We treat embeddings as vectors in a shared semantic space:

• the evidence vector represents what the source material supports,
• the claim vector represents what the AI is asserting.

If the claim is fully supported by the evidence, then directionally the claim vector should lie along the evidence vector.

If the claim introduces new structure, emphasis, or implication, part of the claim vector will point away from the evidence direction.

That deviation is what we measure.

⚡ Hallucination Energy (Semantic Residual)

We compute semantic drift by decomposing the claim vector into two components:

1. the portion aligned with the evidence,
2. the portion orthogonal to it.

In simplified form:

# Normalize vectors
e = normalize(evidence_vector)
c = normalize(claim_vector)

# Project claim onto evidence direction
projection = dot(c, e) * e

# Residual = unsupported semantic mass
residual = c - projection

hallucination_energy = ||residual||

This value captures how much of the claim cannot be explained by the evidence, regardless of surface similarity.

We call this quantity hallucination energy.

💻 Computing Unsupported Semantic Mass

claim_vec = embed(ai_claim)
evidence_vec = embed(evidence_text)

claim_u = normalize(claim_vec)
evidence_u = normalize(evidence_vec)

projection = dot(claim_u, evidence_u) * evidence_u
residual = claim_u - projection

hallucination_energy = norm(residual)

🎯 What This Metric Is and Is Not

It is important to be precise about what this measurement represents.

Hallucination energy is:

• a directional deviation metric,
• a measure of unsupported semantic mass,
• a continuous signal, not a binary judgment,
• independent of policy.

Hallucination energy is not:

• a truth detector,
• a fact-checker,
• a replacement for citation verification,
• a claim about intent or correctness.

A claim can have:

• low hallucination energy and still be rejected (policy violation),
• higher hallucination energy and still be acceptable (editorial tolerance).

That distinction is intentional.

✅ Why This Works in Practice

When AI systems are constrained to restate evidence, hallucination energy remains low.

As synthesis becomes more ambitious introducing qualifiers, structure, or generalization the residual grows.

This gives us a way to:

• detect early semantic drift,
• compare synthesis strategies,
• reason about risk before policy failure occurs.

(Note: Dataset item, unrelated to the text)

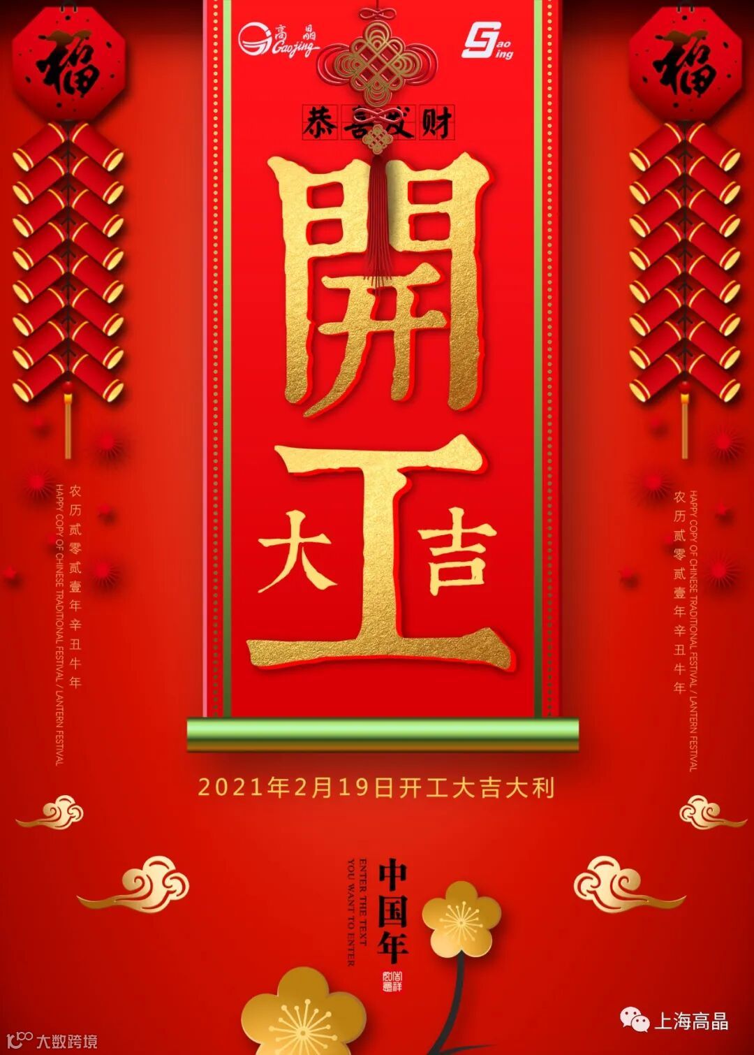 2021年2月19日高晶公司正式开工,奋进的号角已经吹响,新的一年我们一起“犇”腾不息,奋斗不止,让高晶更加精彩、更加辉煌!

Importantly, this signal is model-agnostic and policy-agnostic. It does not know what Wikipedia allows. It only measures what the evidence supports.

🚪 From Measurement to Gating

Hallucination energy does not decide outcomes by itself.

Instead, it provides context to the policy gate:

• low energy + rejection → provenance problem,
• high energy + rejection → semantic overreach,
• low energy + acceptance → safe compression,
• high energy + acceptance → editorial tolerance.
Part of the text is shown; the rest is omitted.